══ Exercise data ══

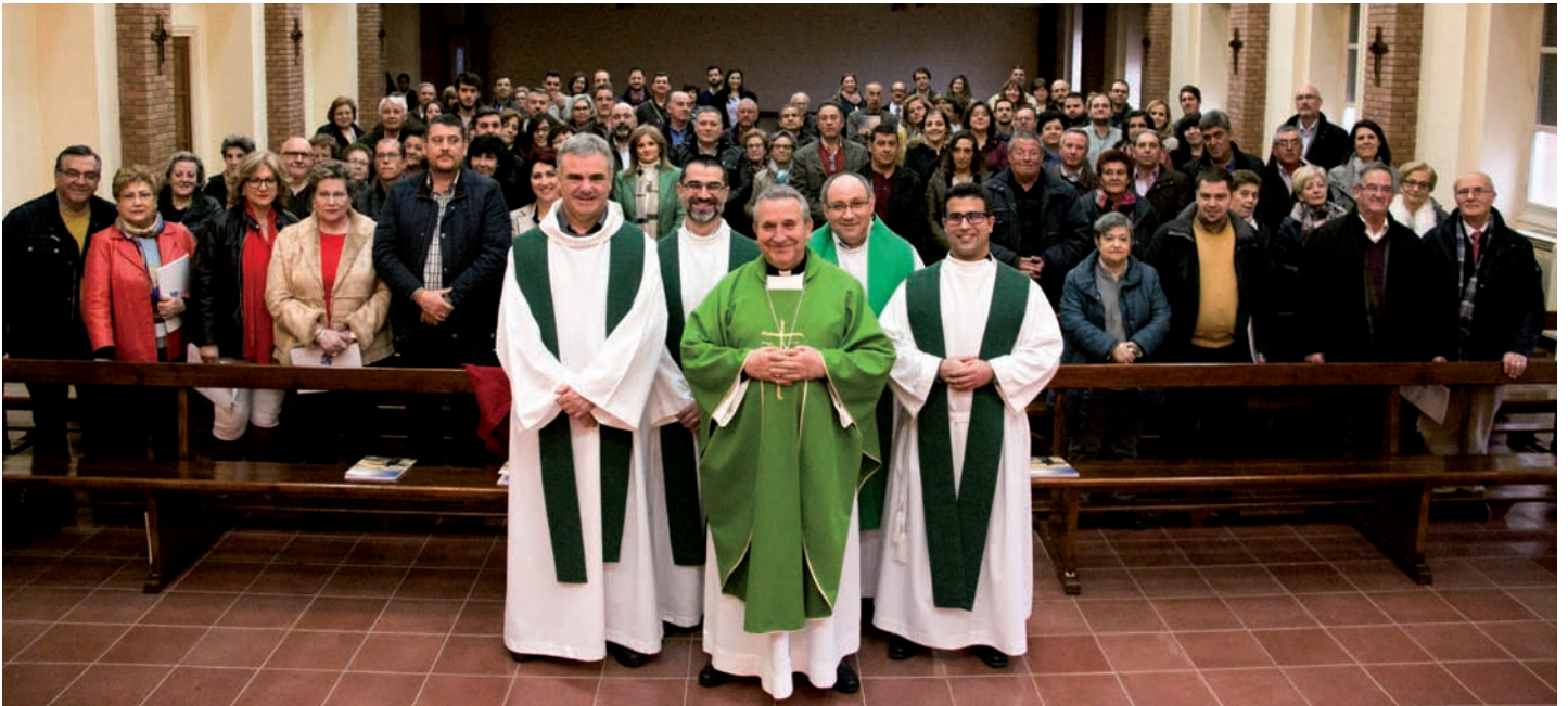
Foto de grupo del encuentro del 10 de febrero en el Seminario Diocesano, donde asistieron más de noventa personas

Tal y como hizo el pasado año, el obispo de la diócesis de Ciudad Real, monseñor Gerardo Melgar, se ha reunido en tres ocasiones con grupos de hermandades y cofradías. El 3, 10 y 17 de febrero, la casa de espiritualidad de Herencia, el Seminario y el pabellón municipal de Membrilla acogieron las reuniones en las que han participado este año casi 300 hermanos.
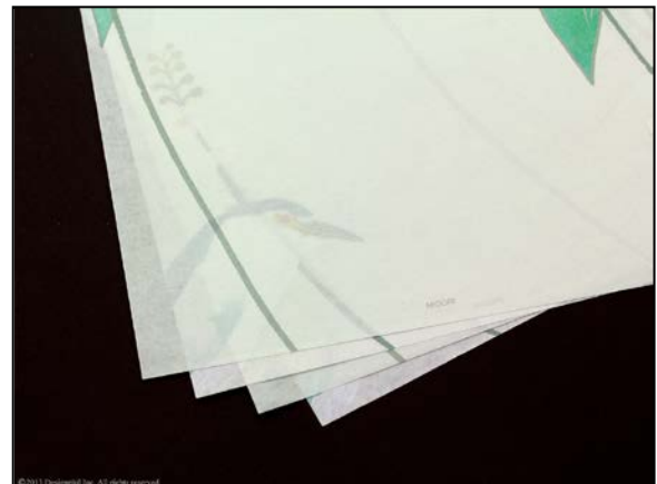
書き心地にもこだわった和紙のようなやわらかな透け感の紙
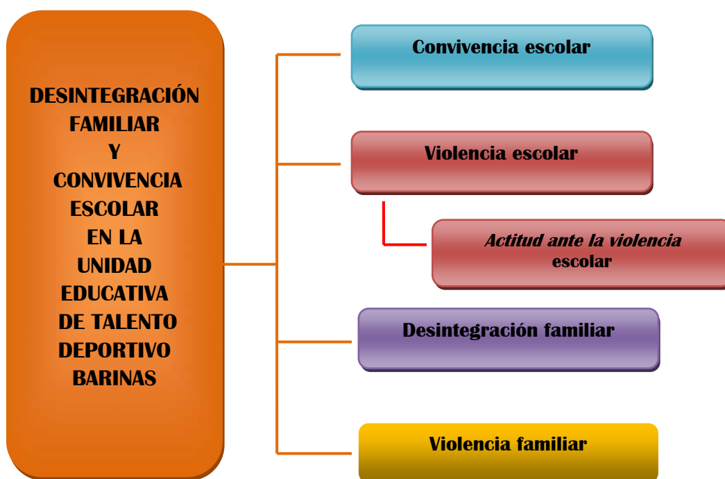
Gráfico 1. Representación gráfica de las categorías y sus dimensiones.

5. Luego se habilitó en el cuadro de la triangulación, una columna para las categorías y debajo de ella se indican sus propiedades, en letra cursiva.
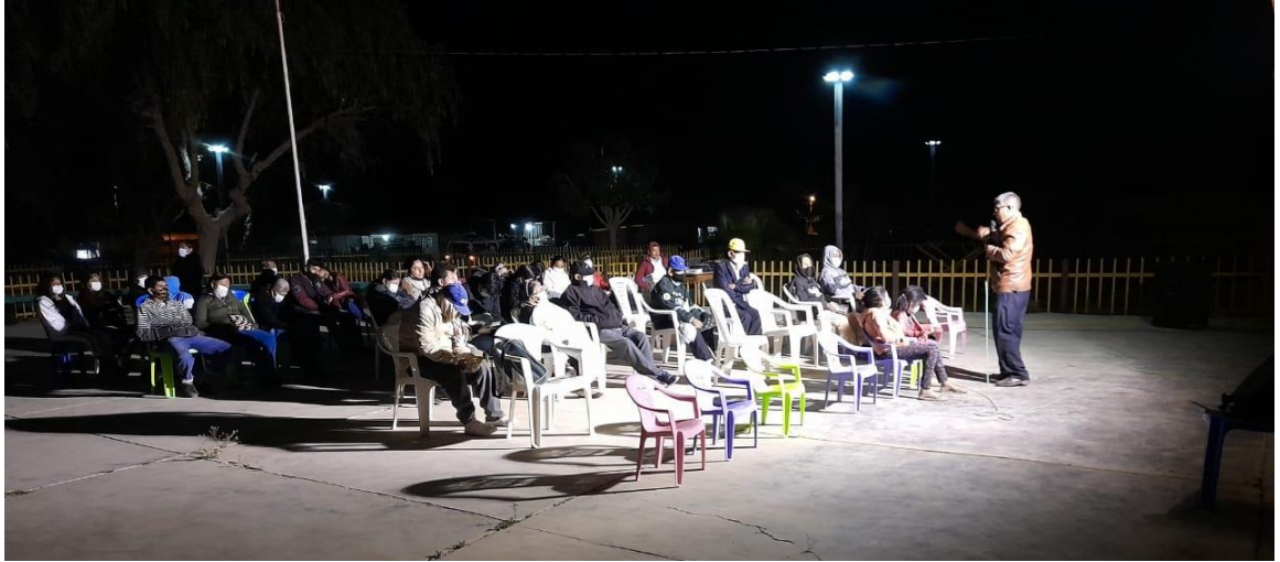
9. Figura 9. Finalizando campaña evangelística en zona de Olmos
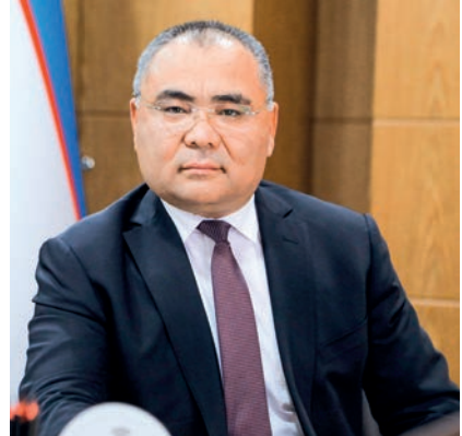
Иброхим Абдурахмонов. Министр высшего образования, науки и инноваций Республики Узбекистан академик.
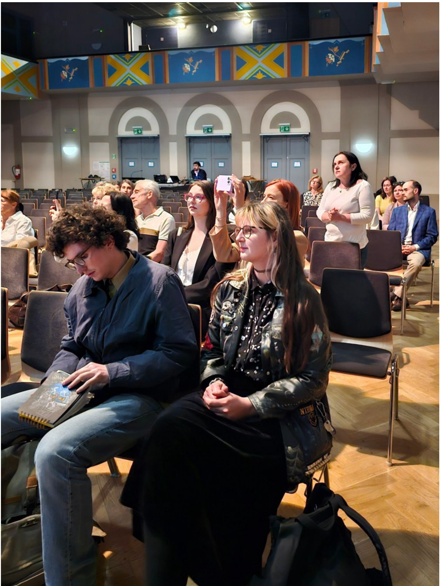
"Біла пошесть": Фантастичний реалізм воєнного часу
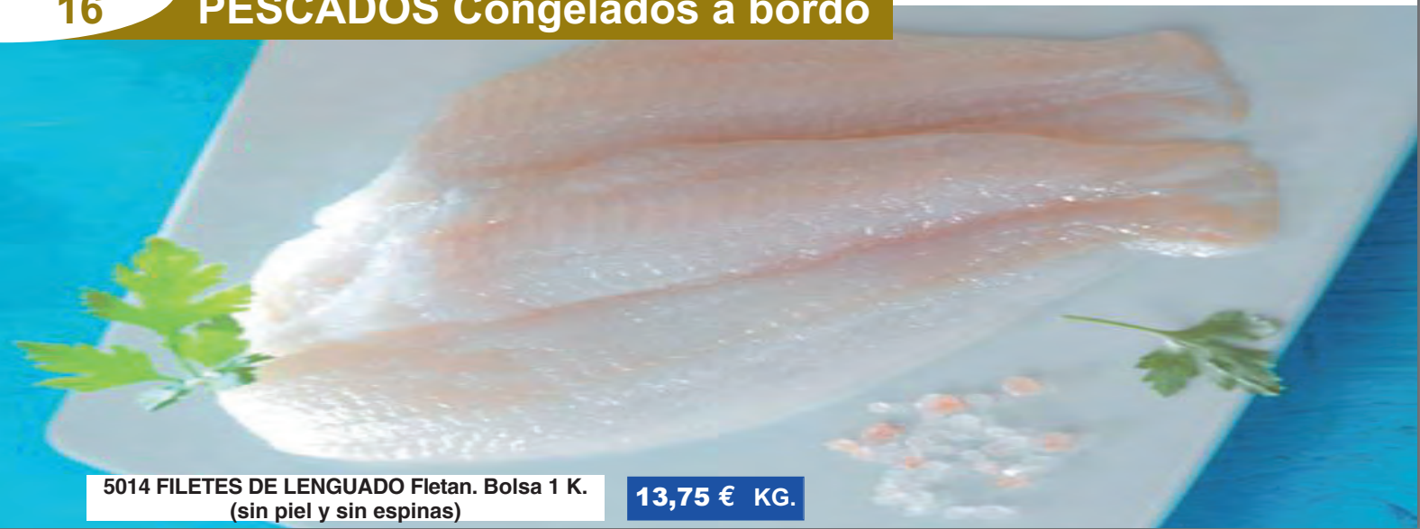
5014 FILETES DE LENGUADO Fletan. Bolsa 1 K. (sin piel y sin espinas)
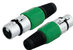
14-0545 Гнездо «CANON» XLR

Предназначено: для монтажа на шнур Корпус: зеленый В упаковке: 20 шт В коробке: 500 шт
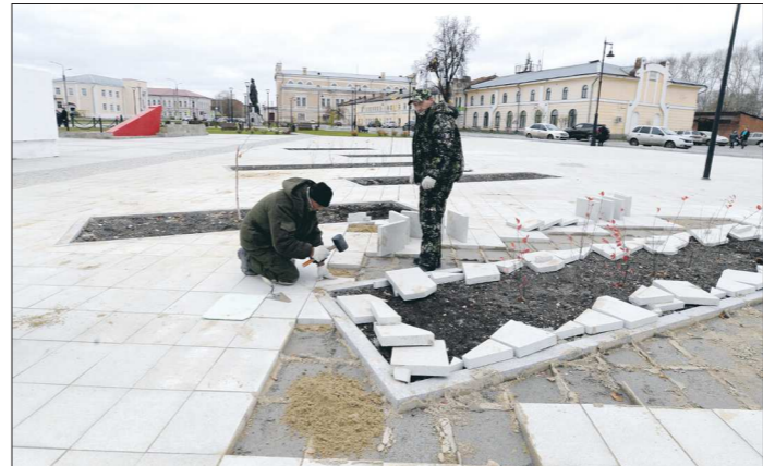
Подрядчики завершают укладку плитки на площади Ленина

Параллельно с реконструкцией памятников в Ирбите приводят в порядок дороги, благоустраивают скверы, ремонтируют учреждения соцкультбыта. Так, совсем недавно в городе заработал обновлённый стадион – с футбольным полем, спортплощадками, трибунами. Идёт капитальный ремонт дворца культуры им. В. Костевича – это самое большое учреждение культуры в Восточном управленческом округе (700 зри-
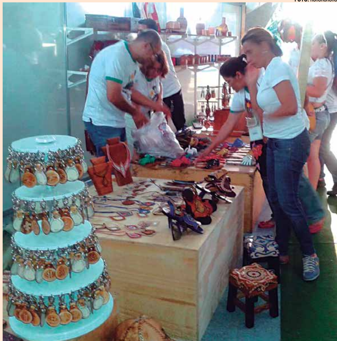
Peças artesanais de várias tipologias estão expostas em estande em feira que se encerra hoje

A Ruraltur é um evento que já faz parte do calendário nacional do turismo rural e, a partir do próximo ano, será itinerante, começando pelo Estado do Rio Grande do Norte, depois no Ceará, Pernambuco e Rio Grande do Sul. A feira ocorre na sede da Federação da Indústria do Estado da Paraíba (Fiep), localizada Av. Manoel Gonçalves Guimarães, 195 - José Pinheiro. Mais informações no site ruraltur.sebraepb.com.br ou pelo telefone 2108-1256. A entrada é franca.
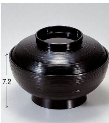
8-344-10 1-217-8 M千筋丼 黒 ¥1,850 (15.5φ×10.3) 椀50 570cc
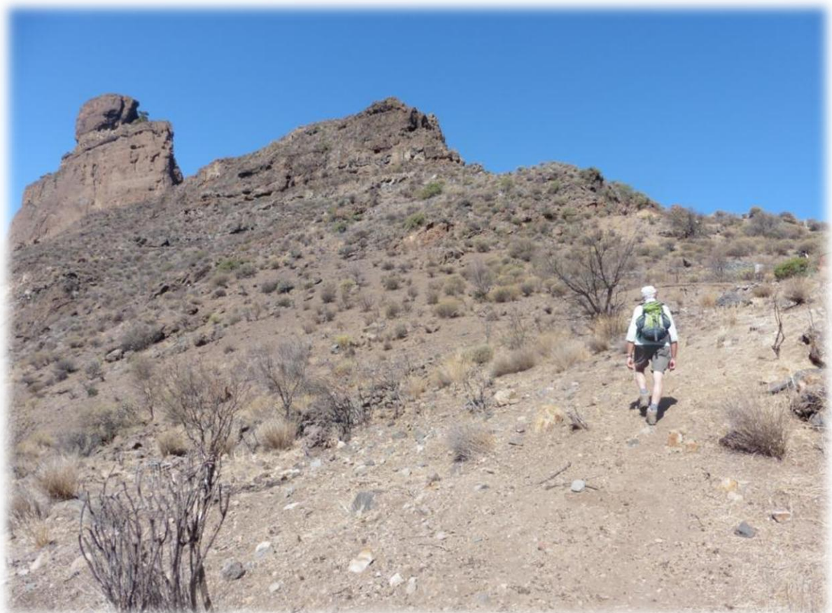
Onze tweede wandeling vandaag gaat naar de heilige berg Roque Bentayga. Het is de top van de berg op de foto hierboven.
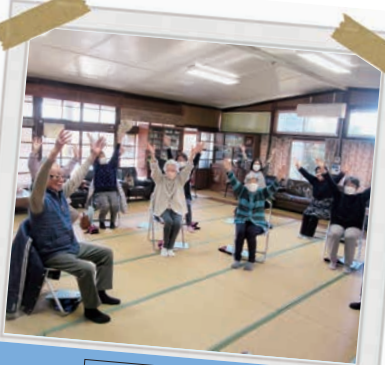
表南小川サロン 認知症予防に「脳トレ体操」!
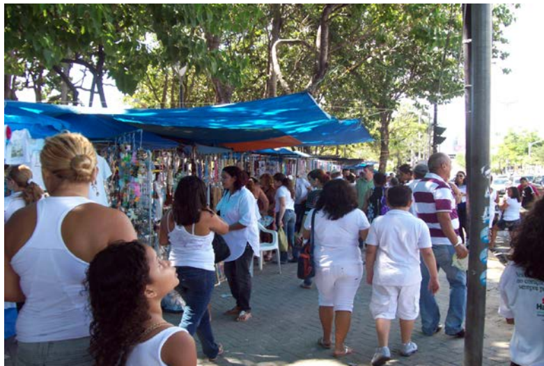
Foto: Calçadão da praça enquanto corredor entre o sagrado da fé e o profano do mercado.

mais fileiras de bancas e camelôs, movimentam um agitado e complexo mercado de objetos sacros, a incluir desde fitinhas de pulso, velas, roupas com mensagens bíblicas, até quadros com paisagens e imagens dos mais variados santos católicos. Neste momento, comércio, negociação e vida sacra convergem para um emaranhado de códigos, sentidos e significados.
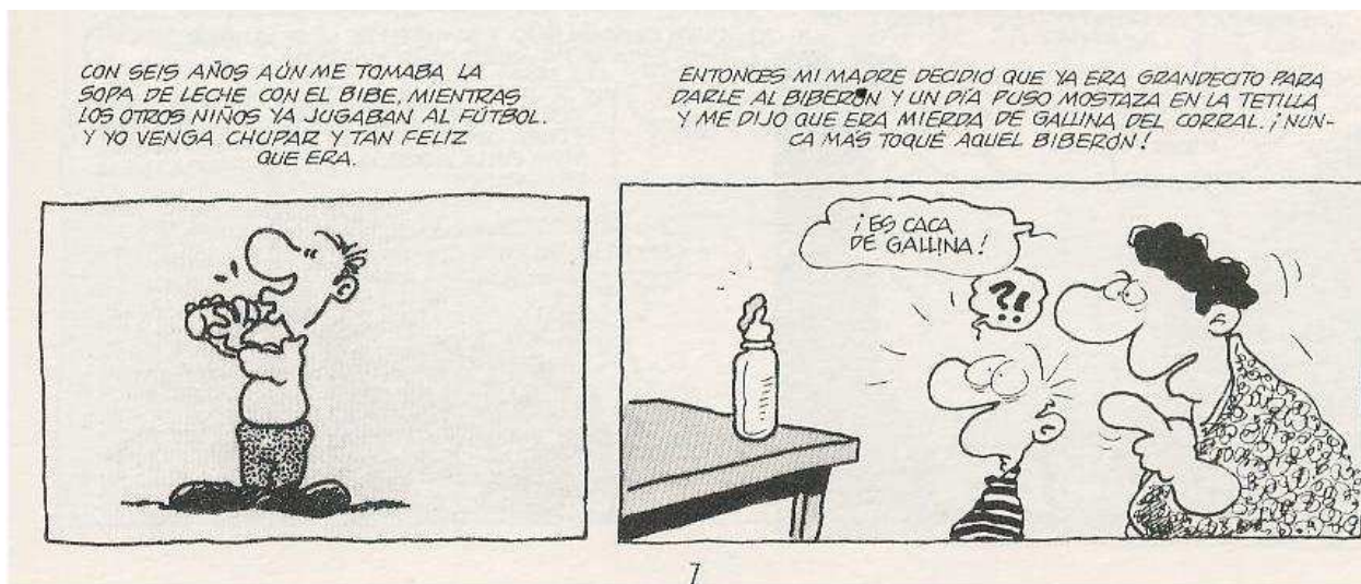
[Figura 6: deconstrucción de la infancia] (König, 2004 a, 7, detalle de viñeta)
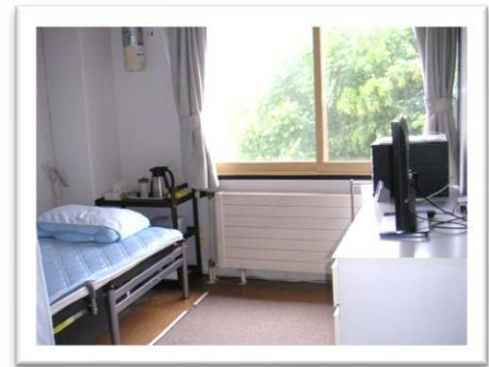
*各居室に押し入れあり
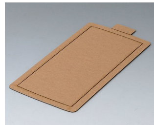
B5503300 Feuille adhésive M
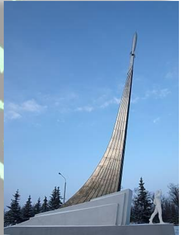
Памятник Ю. Гагарину на месте приземления возле города Энгельс в Саратовской области

═══

• [What to work on]:
Print exactly the lines above that run from the one with "Tal y como hizo" to the one with "реалізм воєнного часу", both included. No pictures.

• [Solution to the problem]:
Tal y como hizo el pasado año, el obispo de la diócesis de Ciudad Real, monseñor Gerardo Melgar, se ha reunido en tres ocasiones con grupos de hermandades y cofradías. El 3, 10 y 17 de febrero, la casa de espiritualidad de Herencia, el Seminario y el pabellón municipal de Membrilla acogieron las reuniones en las que han participado este año casi 300 hermanos.
書き心地にもこだわった和紙のようなやわらかな透け感の紙
Gráfico 1. Representación gráfica de las categorías y sus dimensiones.

5. Luego se habilitó en el cuadro de la triangulación, una columna para las categorías y debajo de ella se indican sus propiedades, en letra cursiva.
9. Figura 9. Finalizando campaña evangelística en zona de Olmos
Иброхим Абдурахмонов. Министр высшего образования, науки и инноваций Республики Узбекистан академик.
"Біла пошесть": Фантастичний реалізм воєнного часу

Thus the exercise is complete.